Applications in the petroleum industry

Since the extracted crude oil contains solid paraffin, the fluidity of the crude oil is poor, which brings certain difficulties to the production, storage, transportation, and processing of this easily condensable and highly viscous oil. This problem can be solved by adding a crude oil pour point depressant or Liquidity improver solution. Utilizing the dispersion of oil-soluble polymer surfactants can further improve the fluidity improver and prevent paraffin in fuel oil from forming precipitation during transportation and storage.

Application in textile printing and dyeing industry

Polyether polymer surfactants are often used as low-foaming detergents, emulsifiers, dispersants, defoaming agents, antistatic agents, wetting agents, printing and dyeing agents, etc.; polyvinyl alcohol and other polymer compounds are used as thickeners and protective colloids are widely used in the preparation of emulsion-type printing and dyeing auxiliaries; cellulose derivatives such as carboxymethyl cellulose are used in detergents as re-contamination inhibitors; lignin sulfonate, phenolic condensate sulfonate, etc. Used as a dispersant for insoluble dyes.
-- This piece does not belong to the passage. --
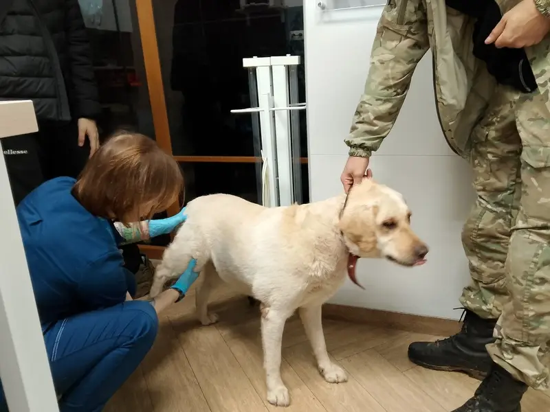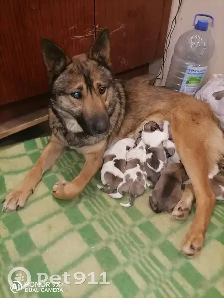 У алабая не правильно купирован хвост (короткий) на лапах пятые пальцы, дворняжка под глазом шрам стерилизованна. Оторвали цепь и убежали.
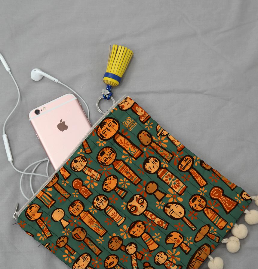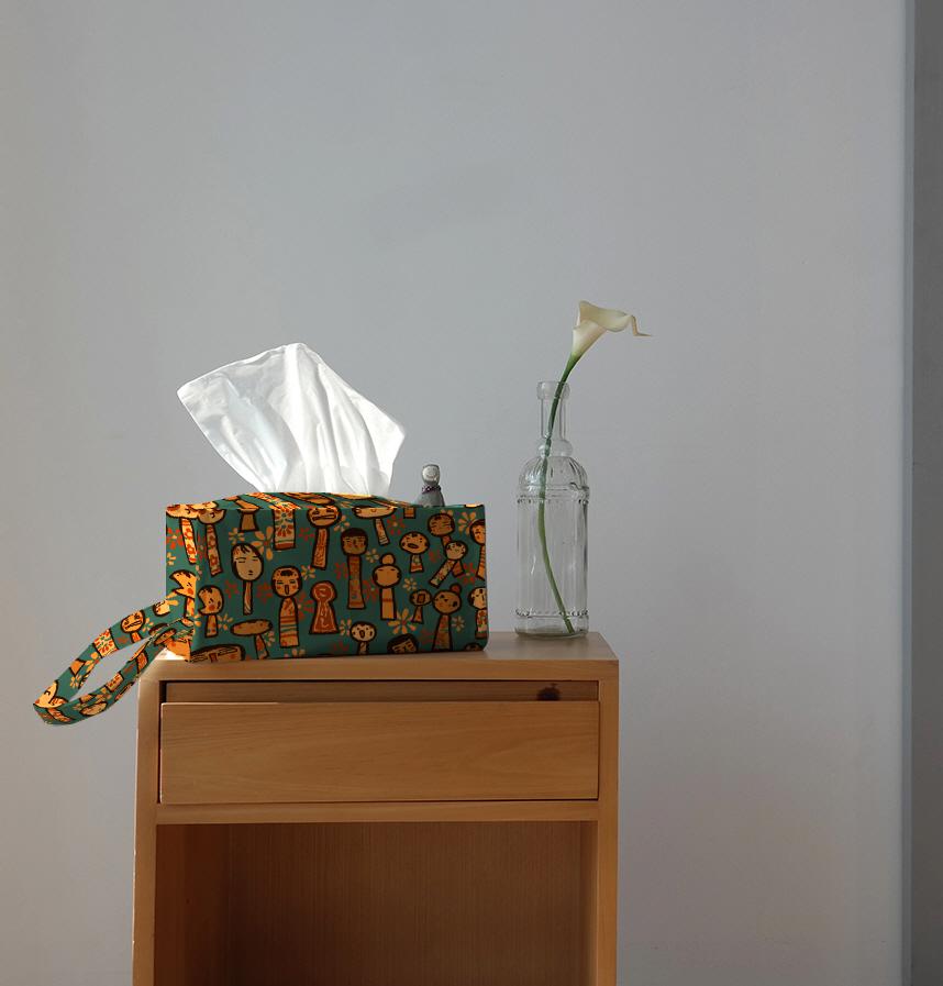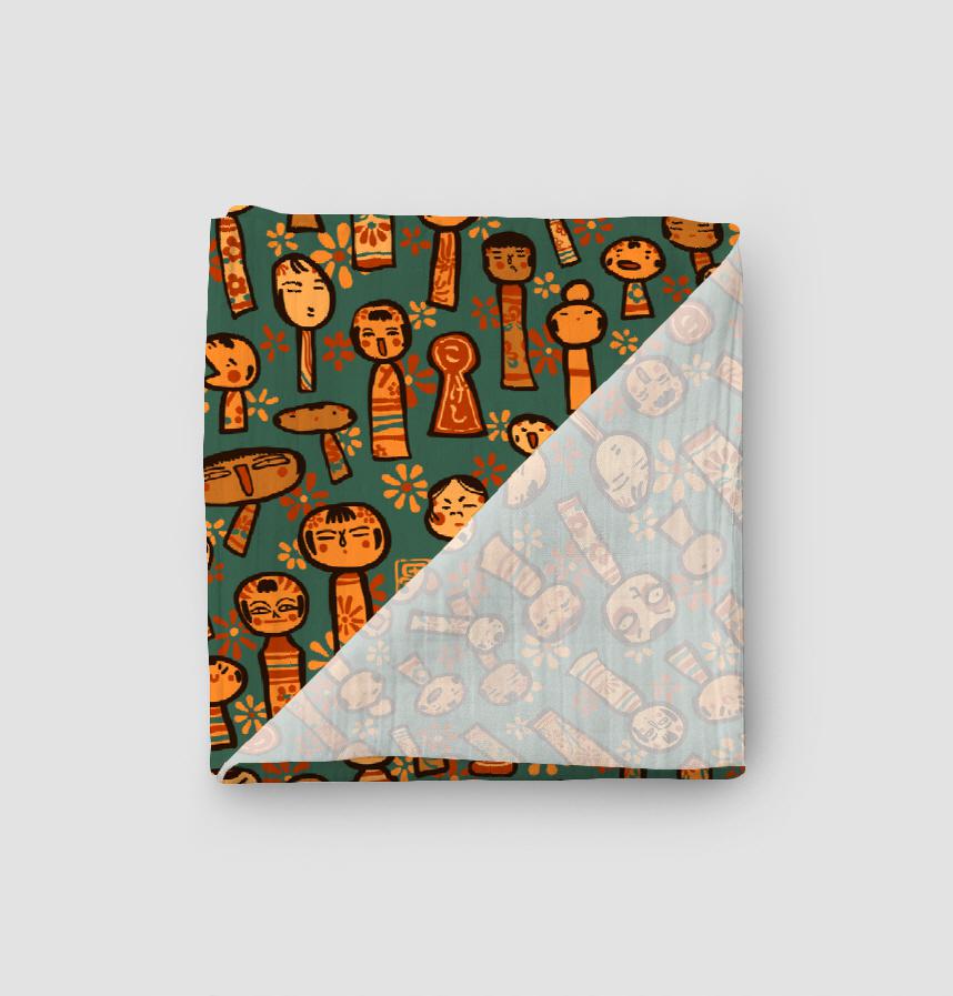 模様、形、お顔さまざまなこけし達の絵をデザインにしました。

Application in paper industry

Because polymer surfactants play a very unique and important role in improving paper properties and improving paper machine efficiency, they have received more and more attention from papermaking workers in recent years. Studies have shown that maleic acid monoester is prepared from polyethylene glycol and maleic anhydride with different relative molecular weights, and then polymerized with acrylic acid to form maleic acid monoester and acrylic acid copolymer, which has a significant deinking effect.